**Task data**:
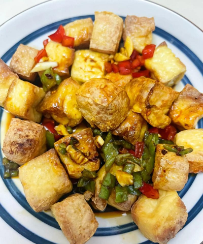 - 若使用北豆腐,可裹淀粉后煎制更酥脆。4. 浇汁翻炒
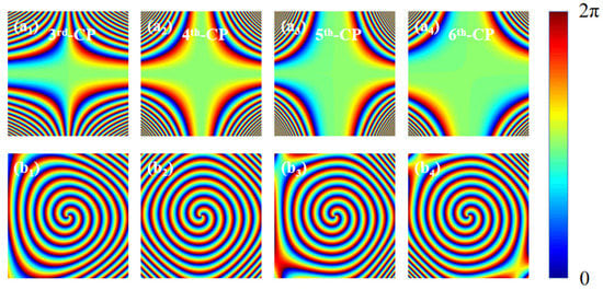 where λ represents the incident wavelength, β represents the angle between the transmitted wave and z-axis (set to 12.7°), l represents the topological charge, the parameter u controls the beam conversion rate and η is an arbitrary real number. It can be seen from Equation (9) that the magnitude of the value of u is affected by the order of CP. Since the designed structure is nanoscale, the value of u will be relatively large. As an example, in the following Figure 5, the generation process of the phase mask composed of the HOCP and the 2nd-order Bessel vortex beam is shown. Figure 5a1–a4 corresponds to the phase masks from the 3rd-order CP to the 6th-order CP, respectively, and Figure 5b1–b4 shows the phase of the 2nd-order Bessel vortex beam after superimposing HOCP in Figure 5a1–a4. It can be clearly seen that the Bessel vortex beam can be shaped into any polygon after adding HOCP, where the number of polygon sides is equal to the order of HOCP. Another way of saying this is that when the order of HOCP is three, four, five and six, the resulting OVB is shaped into triangular, quadrilateral, pentagonal and hexagonal polygons.
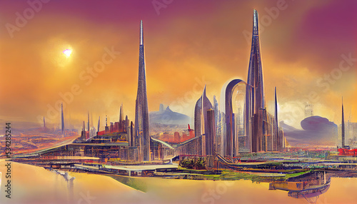 Obraz premium A futuristic city of the future.
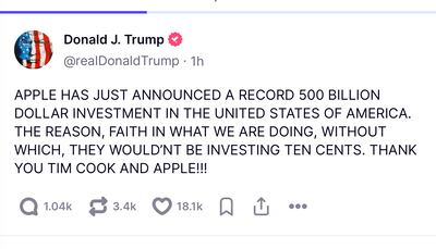 "In return, Apple could get tariff exemptions and other favorable treatment from the administration. Apple did something similar in 2020, when they let Trump take credit for an Apple factory that opened in 2013."
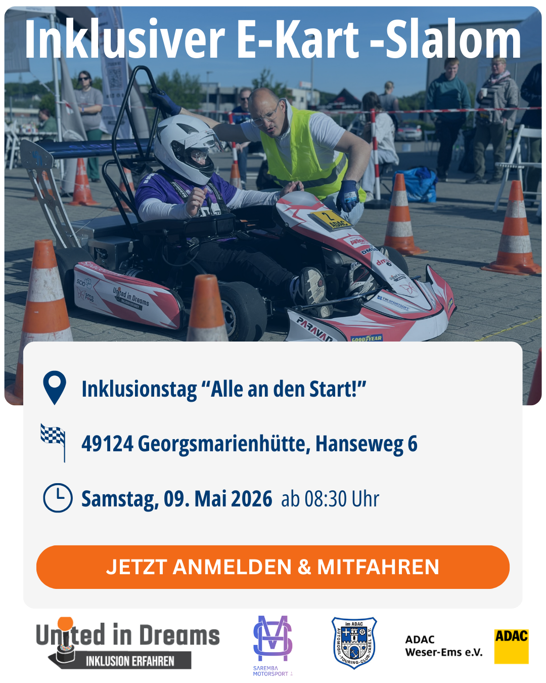 Die Deutsche Meisterschaft im inklusiven E-Kart-Slalom (iDKSM) geht in die nächste Runde – und dieses Jahr wird’s nochmal fetter!
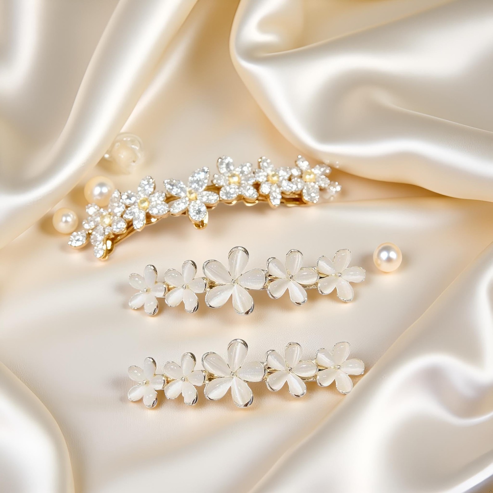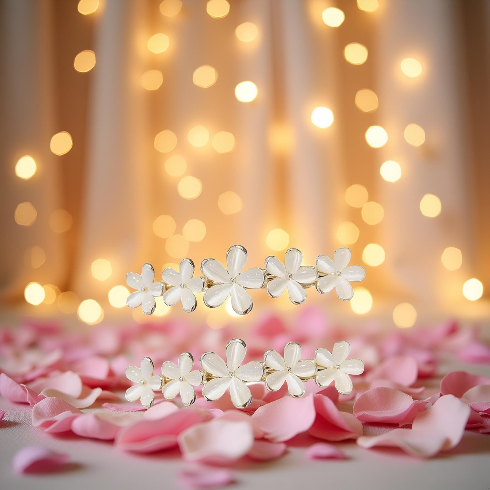 2Pcs Golden Flower Opal Hair Clips Gold Sparkly Wedding Barrettes Fancy Hair ...
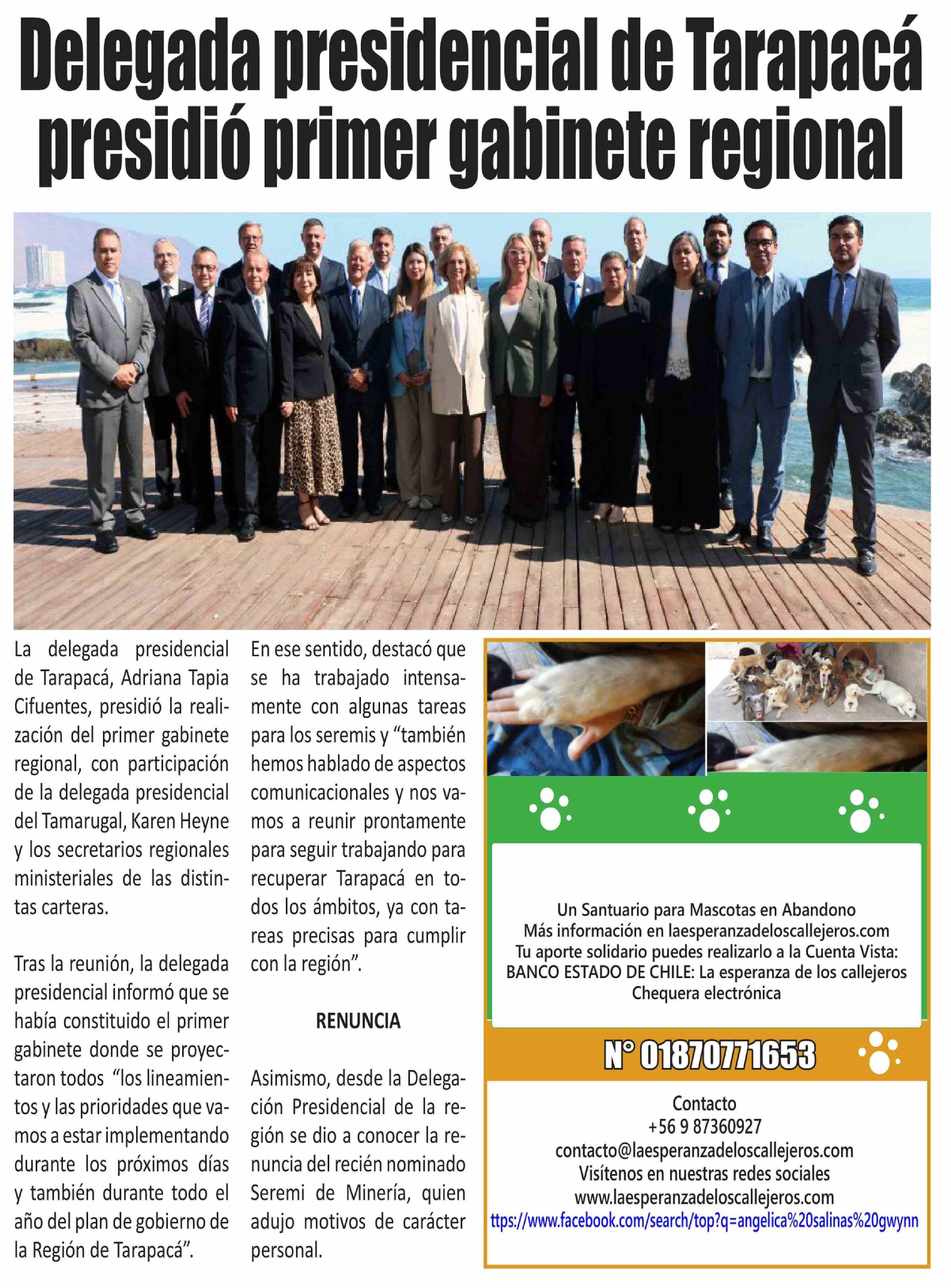 Título: Delegada presidencial de Tarapacá presidió primer gabinete regional
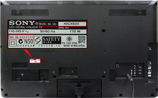 Ein Beispiel für die Rückseite des Sony-Fernsehers, bei dem das Etikett (hervorgehoben) die Modellnummer des Fernsehers zeigt.
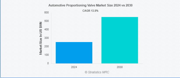 Stratistics MRCによると、自動車用プロポーショニングバルブの世界市場は2024年に2億5,266万ドルを占め、2030年には5億4,877万ドルに達すると予測され、予測期間中の年平均成長率は13.8%です。自動車用プロポーショニングバルブは、フロントブレーキとリアブレーキの間でバランスの取れたブレーキ圧力配分を保証する、自動車のブレーキシステムにおける重要なコンポーネントです。このバルブは、リアブレーキにかかる圧力を調整することでブレーキ性能を最適化し、特にリアドラムブレーキを搭載した車両の早期ロックアップやトラクションの低下を防ぎます。このバルブは通常、フロントがディスクブレーキ、リアがドラムブレーキの車両に使用され、特に荷重条件が変化するブレーキング時の安定性、制御性、安全性を向上させます。
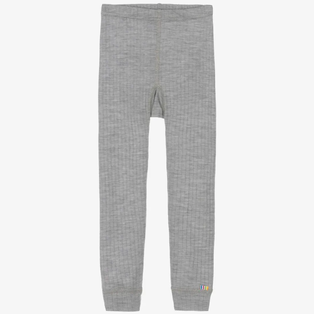 Grey thermal leggings for boys and girls by Joha, made in super soft and stretchy ribbed Merino wool. These comfortable leggings can be used for layering when the weather gets colder or can be worn alone. The waistband and cuffs are both gently elasticated and the brand's colourful striped logo tab features on one leg.
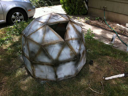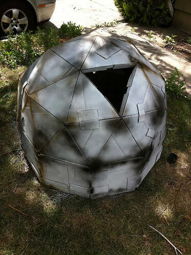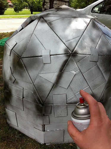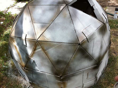 Había pintado pequeños círculos sobre todos los rincones de la bóveda, luego rociar una línea a lo largo de los bordes de los triángulos y cuadrados donde estaban las costuras. Ignoraba la cartulina poco tiras de refuerzo para esto, sabiendo que le pinta sobre ellos con algo diferente después. Una vez corrí fuera de la pintura de aerosol metálica gris más oscuro, cambiaron a la pintura de aerosol metálica bronze-ish y continuó. Yo no estaba preocupado por los dos colores mirando divertido; Sabía que después he añadido todos los efectos lo planeado, se vería muy bien.
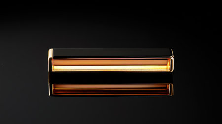 A stunning golden bar rests on a dark reflective surface, illustrating elegance and minimalism. The contrast between black and gold creates a captivating visual.
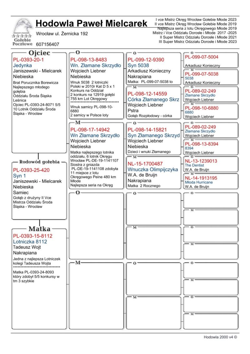 Nasza hodowla została oparta na gołębiach Leo Heremansa, Andreas Drapa, Gaby Vandanabeele, , Wa de Bruijne i przede wszystkim Wojciech Liebner (Gołębie z rodziny Braci Janssen)
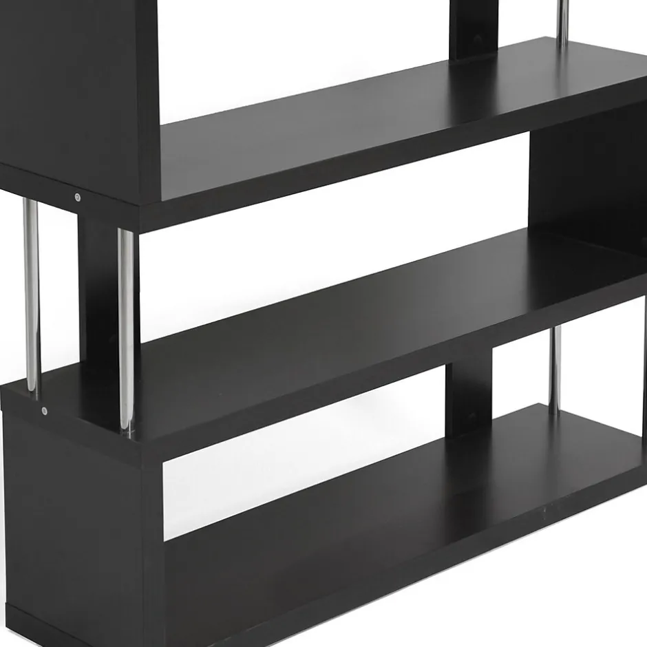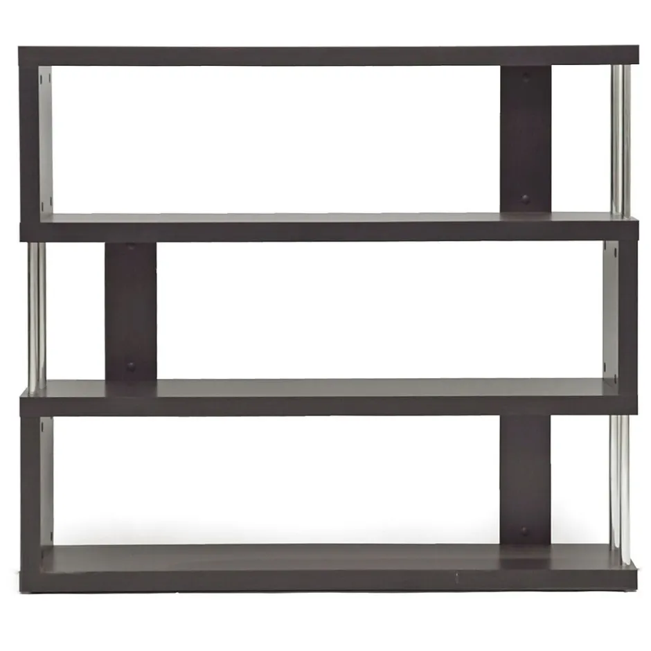 This artsy, modern bookcase gets you organized with style.Our Barnes bookcase is made of dark brown faux wood grain paper veneer over and engineered wood frame and features chromed steel side supports.

**Assignment**: Write the listing out again in full and unchanged, minus any pictures.

**Response to the exercise**:
 - 若使用北豆腐,可裹淀粉后煎制更酥脆。4. 浇汁翻炒
 where λ represents the incident wavelength, β represents the angle between the transmitted wave and z-axis (set to 12.7°), l represents the topological charge, the parameter u controls the beam conversion rate and η is an arbitrary real number. It can be seen from Equation (9) that the magnitude of the value of u is affected by the order of CP. Since the designed structure is nanoscale, the value of u will be relatively large. As an example, in the following Figure 5, the generation process of the phase mask composed of the HOCP and the 2nd-order Bessel vortex beam is shown. Figure 5a1–a4 corresponds to the phase masks from the 3rd-order CP to the 6th-order CP, respectively, and Figure 5b1–b4 shows the phase of the 2nd-order Bessel vortex beam after superimposing HOCP in Figure 5a1–a4. It can be clearly seen that the Bessel vortex beam can be shaped into any polygon after adding HOCP, where the number of polygon sides is equal to the order of HOCP. Another way of saying this is that when the order of HOCP is three, four, five and six, the resulting OVB is shaped into triangular, quadrilateral, pentagonal and hexagonal polygons.
 Obraz premium A futuristic city of the future.
 "In return, Apple could get tariff exemptions and other favorable treatment from the administration. Apple did something similar in 2020, when they let Trump take credit for an Apple factory that opened in 2013."
 Die Deutsche Meisterschaft im inklusiven E-Kart-Slalom (iDKSM) geht in die nächste Runde – und dieses Jahr wird’s nochmal fetter!
 2Pcs Golden Flower Opal Hair Clips Gold Sparkly Wedding Barrettes Fancy Hair ...
 Título: Delegada presidencial de Tarapacá presidió primer gabinete regional
 Ein Beispiel für die Rückseite des Sony-Fernsehers, bei dem das Etikett (hervorgehoben) die Modellnummer des Fernsehers zeigt.
 Stratistics MRCによると、自動車用プロポーショニングバルブの世界市場は2024年に2億5,266万ドルを占め、2030年には5億4,877万ドルに達すると予測され、予測期間中の年平均成長率は13.8%です。自動車用プロポーショニングバルブは、フロントブレーキとリアブレーキの間でバランスの取れたブレーキ圧力配分を保証する、自動車のブレーキシステムにおける重要なコンポーネントです。このバルブは、リアブレーキにかかる圧力を調整することでブレーキ性能を最適化し、特にリアドラムブレーキを搭載した車両の早期ロックアップやトラクションの低下を防ぎます。このバルブは通常、フロントがディスクブレーキ、リアがドラムブレーキの車両に使用され、特に荷重条件が変化するブレーキング時の安定性、制御性、安全性を向上させます。
 Grey thermal leggings for boys and girls by Joha, made in super soft and stretchy ribbed Merino wool. These comfortable leggings can be used for layering when the weather gets colder or can be worn alone. The waistband and cuffs are both gently elasticated and the brand's colourful striped logo tab features on one leg.
 Había pintado pequeños círculos sobre todos los rincones de la bóveda, luego rociar una línea a lo largo de los bordes de los triángulos y cuadrados donde estaban las costuras. Ignoraba la cartulina poco tiras de refuerzo para esto, sabiendo que le pinta sobre ellos con algo diferente después. Una vez corrí fuera de la pintura de aerosol metálica gris más oscuro, cambiaron a la pintura de aerosol metálica bronze-ish y continuó. Yo no estaba preocupado por los dos colores mirando divertido; Sabía que después he añadido todos los efectos lo planeado, se vería muy bien.
 A stunning golden bar rests on a dark reflective surface, illustrating elegance and minimalism. The contrast between black and gold creates a captivating visual.
 Nasza hodowla została oparta na gołębiach Leo Heremansa, Andreas Drapa, Gaby Vandanabeele, , Wa de Bruijne i przede wszystkim Wojciech Liebner (Gołębie z rodziny Braci Janssen)
 This artsy, modern bookcase gets you organized with style.Our Barnes bookcase is made of dark brown faux wood grain paper veneer over and engineered wood frame and features chromed steel side supports.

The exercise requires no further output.